--- Task objective ---
Take the data below and write it out exactly, except for the pictures.

--- Supplied data ---
* * * *
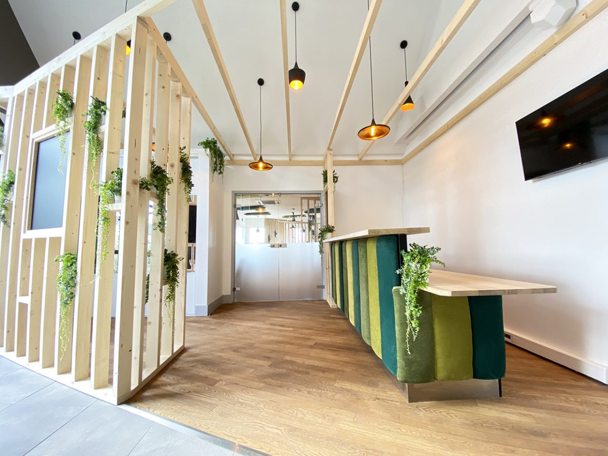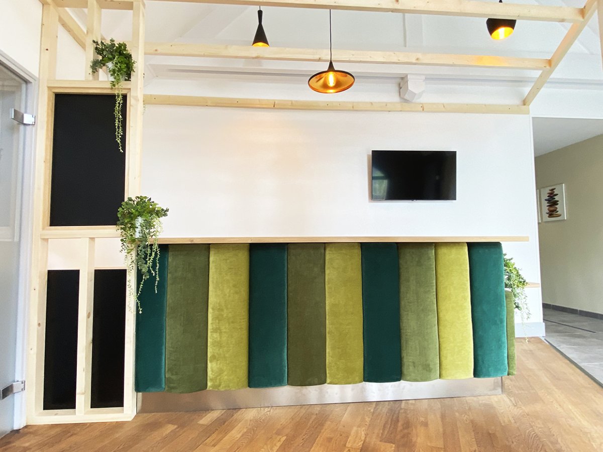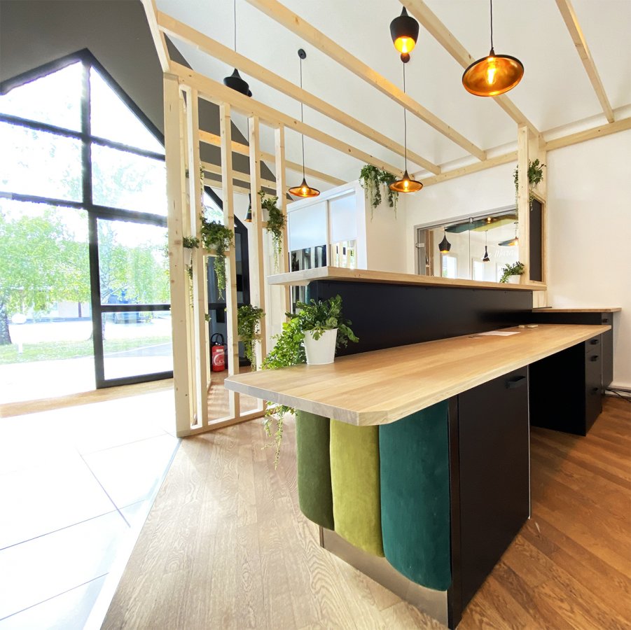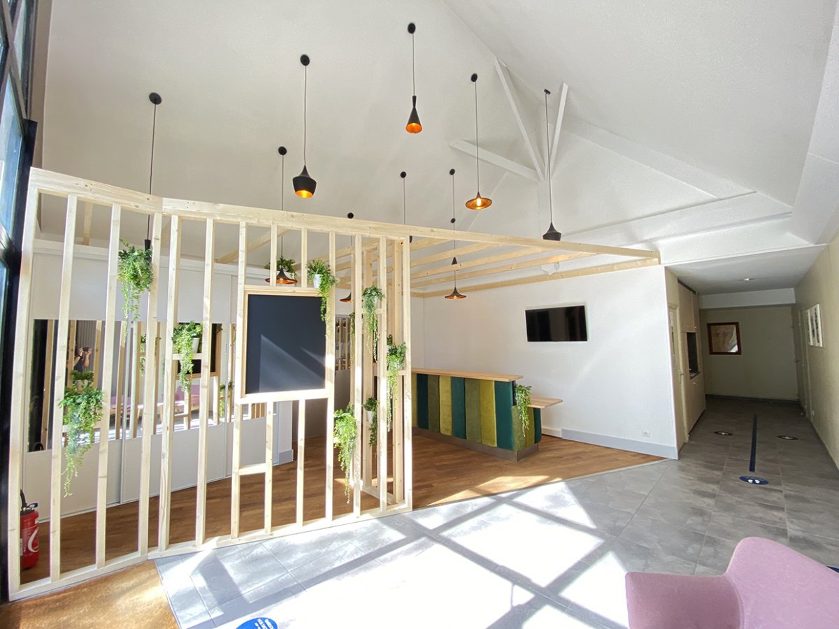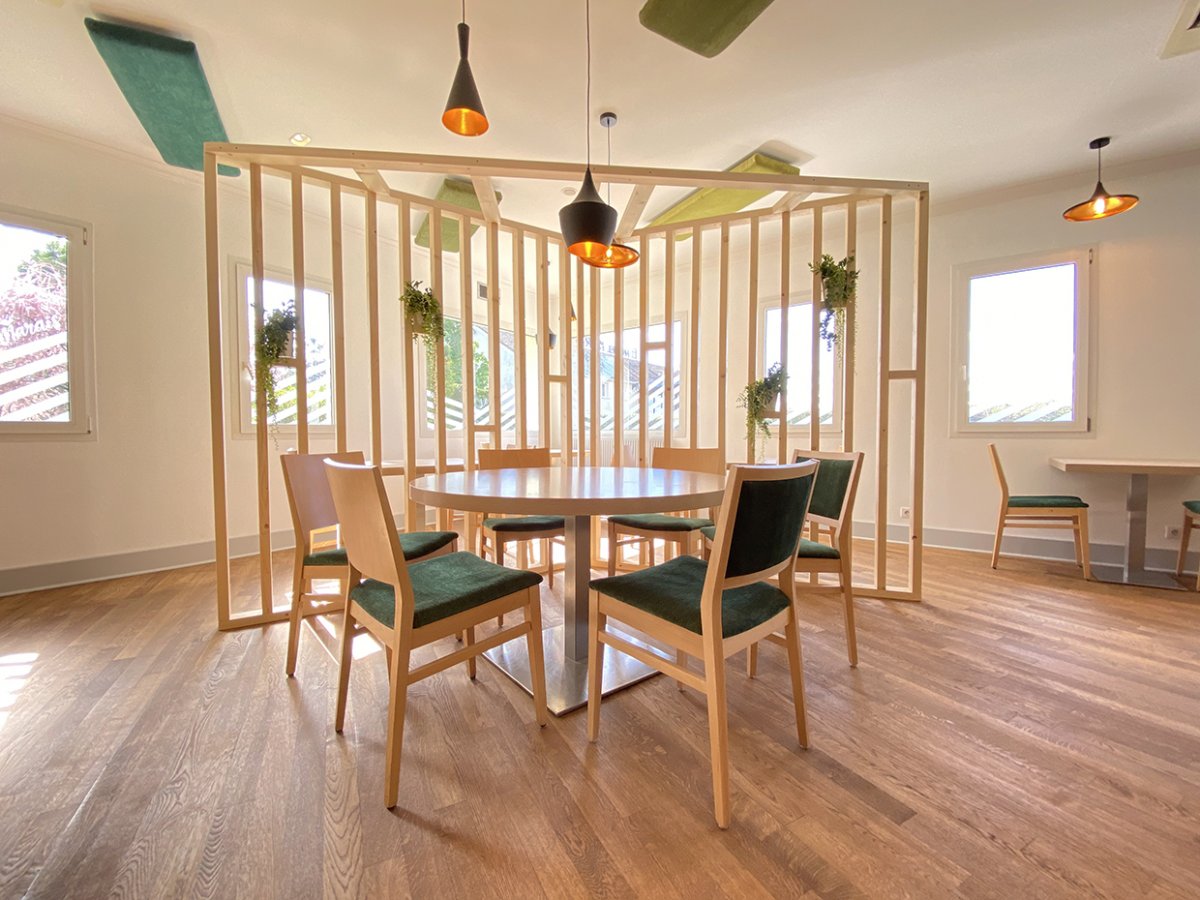 Aménagement et rénovation de la salle du restaurant d’un hôtel Kyriad. L’ancienne décoration étant impersonnelle nous avons homogénéisé la décoration sur une gastronomie biologique.
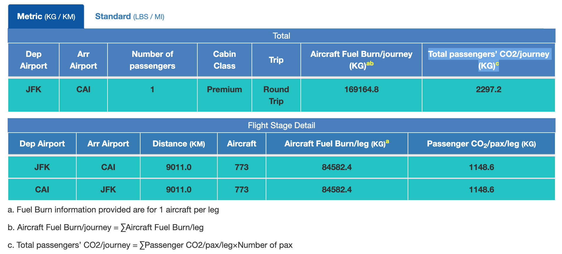 Por un viaje de ida y vuelta, en primera clase, para una persona, saliendo del aeropuerto John F Kennedy, en Nueva York, Estados Unidos, y llegando a El Cairo, en Egipto, tenemos una emisión de 2 mil 297.2 kilogramos de CO2 por pasajero.
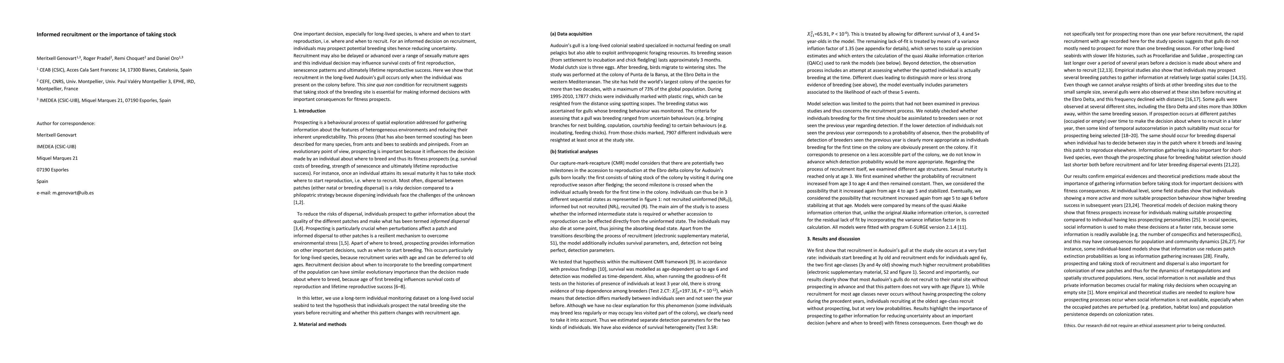 One important decision, especially for long-lived species, is where and when to start reproduction, i.e. where and when to recruit. For an informed decision on recruitment, individuals may prospect potential breeding sites and gather information on the future breeding site, hence reducing uncertainty. Recruitment may also be delayed or advanced over a range of sexually mature ages and this individual decision may influence survival costs of first reproduction, senescence patterns and ultimately lifetime reproductive success. Here we show that recruitment in the long-lived Audouin's gull is mostly informed, meaning that mainly occurs when the individual has visited the colony before. Individuals recruiting without gathering information were all young first-time breeders. Interestingly, these recruits were affected by demographic carry-over effects: first, they were much less prone to reproduce in subsequent seasons than individuals that performed informed recruitment. More strikingly, uninformed recruitment also affected survival, which was much lower for those individuals breeding without gathering information on the breeding site. This study suggests that taking stock before recruitment may be crucial for reducing environmental uncertainty and for maximising individual fitness prospects.
* * * *
--- Final answer ---
 Aménagement et rénovation de la salle du restaurant d’un hôtel Kyriad. L’ancienne décoration étant impersonnelle nous avons homogénéisé la décoration sur une gastronomie biologique.
 Por un viaje de ida y vuelta, en primera clase, para una persona, saliendo del aeropuerto John F Kennedy, en Nueva York, Estados Unidos, y llegando a El Cairo, en Egipto, tenemos una emisión de 2 mil 297.2 kilogramos de CO2 por pasajero.
 One important decision, especially for long-lived species, is where and when to start reproduction, i.e. where and when to recruit. For an informed decision on recruitment, individuals may prospect potential breeding sites and gather information on the future breeding site, hence reducing uncertainty. Recruitment may also be delayed or advanced over a range of sexually mature ages and this individual decision may influence survival costs of first reproduction, senescence patterns and ultimately lifetime reproductive success. Here we show that recruitment in the long-lived Audouin's gull is mostly informed, meaning that mainly occurs when the individual has visited the colony before. Individuals recruiting without gathering information were all young first-time breeders. Interestingly, these recruits were affected by demographic carry-over effects: first, they were much less prone to reproduce in subsequent seasons than individuals that performed informed recruitment. More strikingly, uninformed recruitment also affected survival, which was much lower for those individuals breeding without gathering information on the breeding site. This study suggests that taking stock before recruitment may be crucial for reducing environmental uncertainty and for maximising individual fitness prospects.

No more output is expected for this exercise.